Hard to see where dummy variables would be useful in this case.
I apologize for creating a forum before I understand what I want. Questions asked really pointed me to the right direction. Now, I understand what I really need was: number of days with insurance coverage in the year of diagnosis (DATE_DIAGNOSIS). Shall I create a separate forum on this?
Please let me know your suggestion.
See if this comes close to what you need for the number of days.
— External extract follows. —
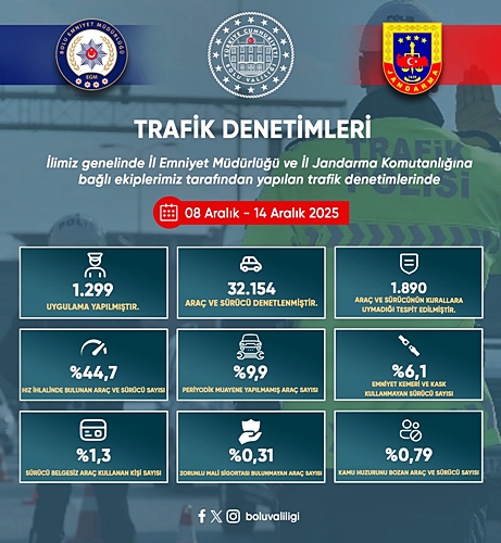 Bolu İl Emniyet Müdürlüğü ve Bolu İl Jandarma Komutanlığına bağlı ekipler tarafından 08-14 Aralık 2025 tarihleri arasında gerçekleştirilen trafik denetimleri sonucu;
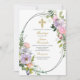 Colourful flower bouquet Baptism invitation girl in Spanish, invitación de bautizo para niña

data example; set have; array s start: ; array e end: ; do i= 1 to dim(s); if year(s[i]) le year(date_diagnosis) le year(e[i]) then do; /* some values of the interval are within the year of diagnosis so do this*/ /* the 1 at the end of the sum is because the subtraction between dates gives the number of day intervales and need to add 1 to get the actual number of Days*/ yeardays = sum (yeardays,min(e[i],mdy(12,31,year(date_diagnosis)) ) - max(s[i],mdy(1,1,year(date_diagnosis)) ),1); end; end; run;
And actually this would not care if the sequence of dates is out of order or not. Some efficiency could be gained if we know that the data is filled left to right and the first missing start date could end the loop.
Panel histograms?
You mean like a panel for 30 days and a panel for 60 days and a panel for 90 days and so on? I don't see how dummy variables help in this case.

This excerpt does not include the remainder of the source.